While the merits briefs of the petitioners took on technical arguments of administrative law and statutory construction, our amicus brief also addresses the fake "science" by which EPA has claimed to find that CO2 -- the gas that gives rise to all life -- is a "dangerous pollutant":
The entire hypothesis on which EPA has purported to find that CO2 emissions supposedly “endanger” human health and safety has been falsified by real world evidence. As the most important example, EPA asserts as its central “line of evidence” for CO2 “endangerment” that CO2 will warm the surface temperature of the earth through a mechanism by which rising CO2 concentrations in the troposphere in the tropics block heat transfer into outer space. See 74 Fed. Reg. at 66518 (Dec. 15 2009). If this theory were right, there would necessarily be an observable “hot spot” in the tropical upper troposphere. But this tropical “hot spot” has been proven not to exist.

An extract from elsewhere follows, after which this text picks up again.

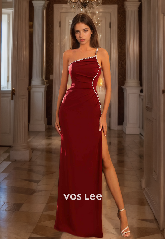 Elegant Side Slit Night Party Dress One Shoulder Beads Floor Length Prom Dress
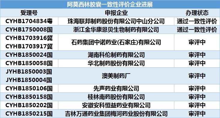 在康恩貝之前,聯(lián)邦制藥的阿莫西林膠囊已經(jīng)通過了一致性評價批準(zhǔn)生產(chǎn)。對于阿莫西林這個品種來說,競爭十分激烈,申報了一致性評價的共有10家企業(yè)12個受理號。

And finally, we addressed the most shocking aspect of EPA's carbon-restriction program, which is the intent to impoverish the people, and particularly poor people, by increasing the price and limiting the availability of cheap carbon-based energy:
If EPA succeeds in limiting the availability of hydrocarbon based energy and raising its price, it is not the rich who will be priced out of purchasing the energy they need. It is the poor. Cheap carbon-based energy from stationary sources means that relatively low income people in this country can afford, for example, to heat, cool and light their homes, cook meals, use the internet, talk on cell phones, buy products like automobiles made of inexpensive steel and other metals. If the lowest cost energy available is unwisely restricted, all Americans will suffer greatly, but the poorest the first and the most.
This rulemaking by the EPA is a massive power grab that deserves far more attention and push back than it has gotten so far. But maybe our brief will mark at least one small step forward in countering the global warming hysteria.
My clients are too numerous to list here (the full list is in the brief) but include the likes of Joe D"Aleo (of the excellent ICECAP.us web site), Craig Idso (who has done excellent work on the benefits of CO2 in the atmosphere and runs the co2science.com website), Harrison Schmitt (the former astronaut and Senator), George Wolff (former chair of EPA's clean air scientific advisory committee), and economist James Wallace.
So far I have seen links to our brief at icecap.us, wattsupwiththat.com, and climatedepot.org. Many thanks for those. I'm sure there will be more.